Algiers' New Technology School Offers Teens Unique Opportunities
Principal hopes many find hig-tech jobs

August 12 , 2007
Brian Friedman
The Times Picayune

When the doors opened Monday for the first-ever day of school at Algiers Technology Academy (formerly Rosenwald Elementary), some students could have mistaken their fresh-faced principal, Henderson Lewis Jr., as one of their own.

 

Perhaps that's appropriate, as Lewis, 32, is sharing with his incoming classes of ninth- through 12th-graders the experience of starting a school virtually from scratch.

 

And not just any school.
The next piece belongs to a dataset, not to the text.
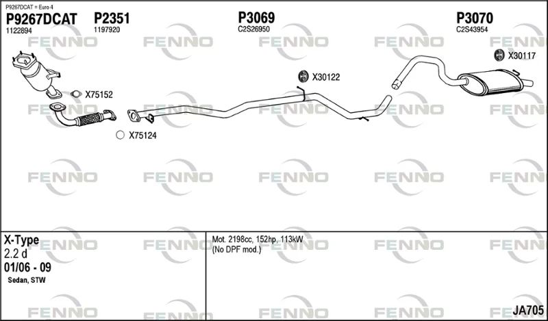 JAGUAR X-TYPE I kombi (X400) 2.2 D - Výfukový systém - kompletní

ATA, the newest addition to the Algiers Charter Schools Association, will offer its students the unique opportunity to major in one of three areas: graphics design, computer science or business technology, and will have a choice of electives such as Web mastering or desktop publishing (while also covering the Louisiana comprehensive curriculum as at any other high school).

 

We're very college-focused, but with a twist to it," said Lewis, "in that we're also allowing the students to learn industry skills, so if they choose not to go to college, they can go straight into the work force and gain employment and actually make a very decent living right out of high school."

 

Students' exposure to the technology industry will extend beyond the classrooms at ATA, most notably with a trip for 12 deserving students (winners of an upcoming essay contest) to the industry's Mecca -- Silicon Valley, Calif.

 

The trip, set for Oct. 17 through 20, is the brainchild of Kyle Johnston, a current Tulane Law School student who, while working on a public education survey for the Boston Consulting Group last semester, heard some distressing testimony from parents.

 

At one meeting in Algiers Point, one father "talked about a lack of inspiration for their kids in schools," said Johnston, "how a lot of them see their friends, and this was terrible, but a lot of them see their friends selling drugs and getting what they want out of life, and it's hard to be inspired in school when all that's going around."

 

So, on his way out to Silicon Valley for a summer job, Johnston realized that the best way he could help would be to take them with him, so to speak, and to give them an inside look at some of the companies to which young people are naturally drawn, such as video-game giant EA, Facebook.com, and movie giant Dreamworks.

 

The students also will get a tour of Stanford University's Computer Science Department from the college's Society of Black Scientists and Engineers; they will visit the Technology Museum of Innovation in San Jose; and they'll meet with a group of young Silicon Valley entrepreneurs.

 

"For any technology-oriented kid, (Silicon Valley) is like Disneyland," said Johnston, a New Orleans native and LSU graduate.

 

The entire trip is expected to cost $10,000, and while many local companies and individuals have already contributed, more money is needed. Interested parties should visit www.bringlight.com/projects/show/82 on the Web.

 

While the Silicon Valley trip will certainly be a memorable experience for those who go, Lewis said he is determined to make sure his students know that "the technology industry is here in New Orleans," he said. "You don't have to leave." Lewis added that he has been communicating with local businesses to form partnerships that would lead to job experience for ATA students.

 

Despite his young age, Lewis logged 10 years in the education department of his native St. Bernard Parish as a teacher, administrator, and finally curriculum coordinator. He returned to teaching briefly after Hurricane Katrina due to need, and last year he served as assistant principal at Alice Harte Elementary.

 

And whether by design or not, Lewis appears to have surrounded himself with a faculty of contemporaries.

"I think we have a lot of really great resources, and we're going to be able to provide our students with a really unique education," said Eva Seligman, a freshly minted college graduate who migrated from Maryland with the Teach for America Program, during a break from a video programming software tutorial taught by other faculty members not much older than herself.